Светлый фон

Было признано необходимым послать членов Центра в Киев, Новочеркасск и в Ставку Добровольческой армии. Я предложил свои услуги, ибо уже давно собирался пробраться с женой и сыном к остальным детям, о которых до нас дошли вести, что они живут в Персиановке, дачной местности под Новочеркасском. Их взяла на свое попечение вдова расстрелянного Орлова-Денисова, у которой было три сына приблизительно того же возраста{201}, что и мои сыновья.

Больше месяца прошло в хлопотах, чтобы устроить возможность выезда из Москвы. Требовалось разрешение различных большевицких учреждений, начиная с Центроплана и кончая Комиссариатом по иностранным делам.

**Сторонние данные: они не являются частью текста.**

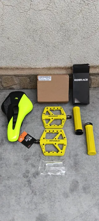 artículo nuevo a estrenar. deja guapa la bicicleta con este juego que te ofrezco. se compone de lo siguiente: - sillín de gel West Biking bicolor en negro/amarillo con canal antiprostatico. - puños de goma RIDERACE con abrazadera. - pedales BENGGUD BG-4220 de plataforma con pines intercambiables. más artículos en mi perfil. taller resucitabicis.

Без этого разрешения нельзя было получить визы от германского генерального консульства на въезд в Украину. Между тем мне было рискованно испрашивать разрешение от Комиссариата по иностранным делам, где меня могли арестовать как саботажника, тем более что мое пребывание при Добровольческой армии могло быть известным большевикам. В это время мы узнали, что мою жену разыскивают по обвинению в посылке Добровольческой армии белья и платья еще до первой поездки нашей на Дон осенью 1917 года. Об этом было напечатано в советских «Известиях», но мы узнали об этом две недели спустя; розыск у большевиков был случайный и плохо организованный.

Приходилось снова прибегать к фальшивым паспортам. В это время в Москве так же неожиданно, как и мы, появилась моя сестра В. Н. Лермонтова. Ей тоже пришлось бежать из Новочеркасска; некоторое время она прожила в Эссентуках, потом с четырнадцатилетней дочерью Соней проехала в Москву по Волге, через Царицын. Она тоже оставила своих мальчиков [Николая и Петра] в Новочеркасске и стремилась к ним, устроив свои дела в Москве. Ей и нам помог ее приятель по Новочеркасску Ермашов. Он занимал в Москве довольно видное положение, был помощником командующего Московским военным округом Муралова, начальником авиации и председателем комиссии с сложным названием, – по ликвидации каких-то дел на юге России.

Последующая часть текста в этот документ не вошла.